The final streets got passable routes the Thursday following the Friday-Saturday storm.
VDOT aims to get neighborhood streets “passable” within 48 hours of a storm that has up to 6 inches of snow. In some parts of Fairfax and Loudoun counties, this storm dropped more than 30 inches.
A passable path could still be snow covered, but would at least be enough for emergency vehicles to use. It may only be eight to ten feet wide.
“We have 16,000 neighborhoods, and the challenge here is how do you get everything done quicker,” Vlacich says.
The Board of Supervisors is also looking into better mobilizing volunteers to shovel sidewalks and bus stops.
VDOT says its drivers and contractors are trained to avoid pushing or dumping snow onto sidewalks, driveways or fire hydrants, but in some spots it can be unavoidable in a massive storm.
Even once sidewalks around Fairfax County Public Schools are clear, Assistant Superintendent Jeffrey Platenberg says schools need more to be able to open.
“We have over 800-some-odd individual trailers [at schools] … and we have to clear the pathways, and that’s pretty much manual labor,” he says.
Schools were closed for a week.
Several supervisors hope the county can offer some place for kids to go if there is another similar storm, so that parents who cannot afford to take that much time off work have an affordable option.
VDOT compares this storm not just to Snowmageddon in 2010, but also to the Blizzard of ’96.
The 2010 storm took about 10 days to have all roads clear, and the 1996 storm, when VDOT had less than a quarter of the number of contractors and employees on duty in Northern Virginia, took two weeks.

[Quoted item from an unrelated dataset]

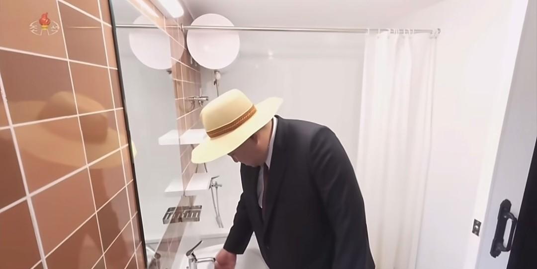 金将军到养殖事业所渔民的家参观! 渔民的家是政府免费盖,渔民直接“拎包入住”。金将军到一家已经入住的渔民家时,一家三口在门外等候,让二楼参观,将军让渔民家小女孩走前面,扶着她的手臂显亲民。 参观完了离开时还特意到洗手间,打开水龙头看有没有水,这就是细节。
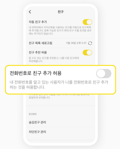 7. 마지막으로 친구 탭 안에서 전화번호로 친구 추가 허용이라는 부분을 눌러 활성화해주면 됩니다. 이렇게 설정해두면 상대방도 전화번호만으로 나를 친구로 추가할 수 있어 더욱 편리하게 사용할 수 있어요.

While Supervisor Pat Herrity says he heard more compliments for VDOT in this storm than any other, he says some luck helped.
“We had warm temperatures afterwards,” he says. “If we had had cold temperatures, we’d be in a whole different world of hurt.”
Although VDOT controls and maintains nearly all the roads in Fairfax County, the county is trying to address issues in urbanizing areas like the Mosaic District and Tysons.
Supervisor Linda Smyth is concerned about whether the right-sized equipment was available for the rare, massive amount of snow, and wants to make sure more options are available for people who are out walking as things begin to clear up.